Exercise directions: For each line of the listing below that contains the string "water", copy the line.

Supplied information:
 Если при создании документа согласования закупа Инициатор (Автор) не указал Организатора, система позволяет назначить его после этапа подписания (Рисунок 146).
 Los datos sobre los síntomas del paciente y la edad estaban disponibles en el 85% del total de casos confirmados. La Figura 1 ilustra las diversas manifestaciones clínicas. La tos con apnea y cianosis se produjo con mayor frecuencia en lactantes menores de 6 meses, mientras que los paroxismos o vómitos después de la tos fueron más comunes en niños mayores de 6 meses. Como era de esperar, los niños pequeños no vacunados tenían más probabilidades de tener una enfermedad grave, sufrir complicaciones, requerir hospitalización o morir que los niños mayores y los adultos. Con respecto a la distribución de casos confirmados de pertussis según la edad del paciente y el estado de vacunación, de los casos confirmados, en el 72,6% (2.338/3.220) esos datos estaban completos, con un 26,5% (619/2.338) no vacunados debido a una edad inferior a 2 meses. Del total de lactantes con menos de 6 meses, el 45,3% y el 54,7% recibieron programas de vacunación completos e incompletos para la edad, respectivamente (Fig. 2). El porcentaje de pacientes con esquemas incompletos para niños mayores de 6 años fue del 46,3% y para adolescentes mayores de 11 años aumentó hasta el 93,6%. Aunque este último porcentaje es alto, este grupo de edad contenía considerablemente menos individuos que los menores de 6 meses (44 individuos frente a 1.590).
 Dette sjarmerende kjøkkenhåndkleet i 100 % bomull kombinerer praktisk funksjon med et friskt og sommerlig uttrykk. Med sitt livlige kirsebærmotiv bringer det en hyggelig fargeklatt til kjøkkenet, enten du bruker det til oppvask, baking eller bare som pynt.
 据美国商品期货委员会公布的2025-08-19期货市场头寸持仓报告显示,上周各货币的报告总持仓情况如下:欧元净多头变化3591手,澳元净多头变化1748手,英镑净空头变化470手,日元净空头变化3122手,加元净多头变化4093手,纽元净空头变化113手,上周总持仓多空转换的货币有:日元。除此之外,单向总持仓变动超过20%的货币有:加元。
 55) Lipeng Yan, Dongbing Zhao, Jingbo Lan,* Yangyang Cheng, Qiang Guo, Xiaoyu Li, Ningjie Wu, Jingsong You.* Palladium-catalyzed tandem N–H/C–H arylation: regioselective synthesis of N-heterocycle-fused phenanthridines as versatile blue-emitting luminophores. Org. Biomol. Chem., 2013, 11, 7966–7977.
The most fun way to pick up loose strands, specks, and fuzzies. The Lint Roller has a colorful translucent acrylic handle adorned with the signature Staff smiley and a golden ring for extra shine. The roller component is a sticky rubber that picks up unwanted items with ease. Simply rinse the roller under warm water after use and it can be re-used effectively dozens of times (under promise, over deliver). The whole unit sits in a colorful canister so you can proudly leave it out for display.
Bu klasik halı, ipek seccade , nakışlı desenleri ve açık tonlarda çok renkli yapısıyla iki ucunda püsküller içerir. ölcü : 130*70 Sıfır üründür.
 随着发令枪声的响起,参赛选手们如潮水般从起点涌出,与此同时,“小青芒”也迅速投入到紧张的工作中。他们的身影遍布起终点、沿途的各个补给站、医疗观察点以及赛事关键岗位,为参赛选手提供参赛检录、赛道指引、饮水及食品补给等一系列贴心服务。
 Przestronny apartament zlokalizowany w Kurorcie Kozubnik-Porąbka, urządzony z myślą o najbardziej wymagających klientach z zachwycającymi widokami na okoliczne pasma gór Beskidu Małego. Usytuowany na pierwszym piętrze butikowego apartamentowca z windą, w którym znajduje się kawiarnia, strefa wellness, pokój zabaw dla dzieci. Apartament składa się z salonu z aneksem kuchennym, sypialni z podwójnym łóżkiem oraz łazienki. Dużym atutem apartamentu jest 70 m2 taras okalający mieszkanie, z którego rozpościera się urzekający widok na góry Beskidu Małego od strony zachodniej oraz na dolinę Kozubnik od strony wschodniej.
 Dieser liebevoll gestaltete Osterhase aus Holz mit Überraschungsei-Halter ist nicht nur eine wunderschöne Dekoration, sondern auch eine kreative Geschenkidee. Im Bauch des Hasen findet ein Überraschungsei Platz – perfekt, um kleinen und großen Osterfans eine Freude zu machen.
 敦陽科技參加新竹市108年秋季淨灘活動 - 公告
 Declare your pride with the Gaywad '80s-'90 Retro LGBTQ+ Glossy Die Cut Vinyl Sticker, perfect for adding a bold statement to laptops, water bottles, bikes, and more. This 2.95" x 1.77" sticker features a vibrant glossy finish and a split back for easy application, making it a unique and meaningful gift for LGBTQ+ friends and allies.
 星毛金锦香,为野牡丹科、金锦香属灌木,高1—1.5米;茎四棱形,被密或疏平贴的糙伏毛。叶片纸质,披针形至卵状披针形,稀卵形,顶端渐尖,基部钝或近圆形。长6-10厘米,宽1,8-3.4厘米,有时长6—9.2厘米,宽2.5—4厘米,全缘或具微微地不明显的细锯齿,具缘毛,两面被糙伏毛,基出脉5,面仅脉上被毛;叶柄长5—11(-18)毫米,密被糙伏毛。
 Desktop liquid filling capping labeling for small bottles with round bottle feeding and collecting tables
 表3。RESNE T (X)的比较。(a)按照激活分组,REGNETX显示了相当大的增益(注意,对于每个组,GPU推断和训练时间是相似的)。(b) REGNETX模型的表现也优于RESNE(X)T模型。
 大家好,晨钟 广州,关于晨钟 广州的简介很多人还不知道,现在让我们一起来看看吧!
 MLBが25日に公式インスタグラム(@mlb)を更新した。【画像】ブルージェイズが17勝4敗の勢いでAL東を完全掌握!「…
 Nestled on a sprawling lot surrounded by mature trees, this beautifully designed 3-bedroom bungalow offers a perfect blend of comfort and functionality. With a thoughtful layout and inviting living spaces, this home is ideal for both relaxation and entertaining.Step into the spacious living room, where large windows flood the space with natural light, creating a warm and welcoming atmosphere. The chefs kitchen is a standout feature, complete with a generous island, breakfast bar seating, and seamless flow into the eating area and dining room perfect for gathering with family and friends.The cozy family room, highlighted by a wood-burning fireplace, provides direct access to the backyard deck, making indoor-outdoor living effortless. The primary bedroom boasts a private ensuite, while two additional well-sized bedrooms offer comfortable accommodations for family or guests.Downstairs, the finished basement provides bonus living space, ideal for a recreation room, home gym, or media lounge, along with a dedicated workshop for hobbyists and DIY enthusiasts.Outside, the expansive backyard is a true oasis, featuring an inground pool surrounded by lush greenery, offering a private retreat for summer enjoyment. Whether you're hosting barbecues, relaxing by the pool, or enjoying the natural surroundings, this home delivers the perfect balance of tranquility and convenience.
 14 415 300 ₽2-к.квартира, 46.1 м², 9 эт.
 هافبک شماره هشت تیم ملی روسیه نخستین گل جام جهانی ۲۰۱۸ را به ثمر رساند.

Solution for this problem:
The most fun way to pick up loose strands, specks, and fuzzies. The Lint Roller has a colorful translucent acrylic handle adorned with the signature Staff smiley and a golden ring for extra shine. The roller component is a sticky rubber that picks up unwanted items with ease. Simply rinse the roller under warm water after use and it can be re-used effectively dozens of times (under promise, over deliver). The whole unit sits in a colorful canister so you can proudly leave it out for display.
 Declare your pride with the Gaywad '80s-'90 Retro LGBTQ+ Glossy Die Cut Vinyl Sticker, perfect for adding a bold statement to laptops, water bottles, bikes, and more. This 2.95" x 1.77" sticker features a vibrant glossy finish and a split back for easy application, making it a unique and meaningful gift for LGBTQ+ friends and allies.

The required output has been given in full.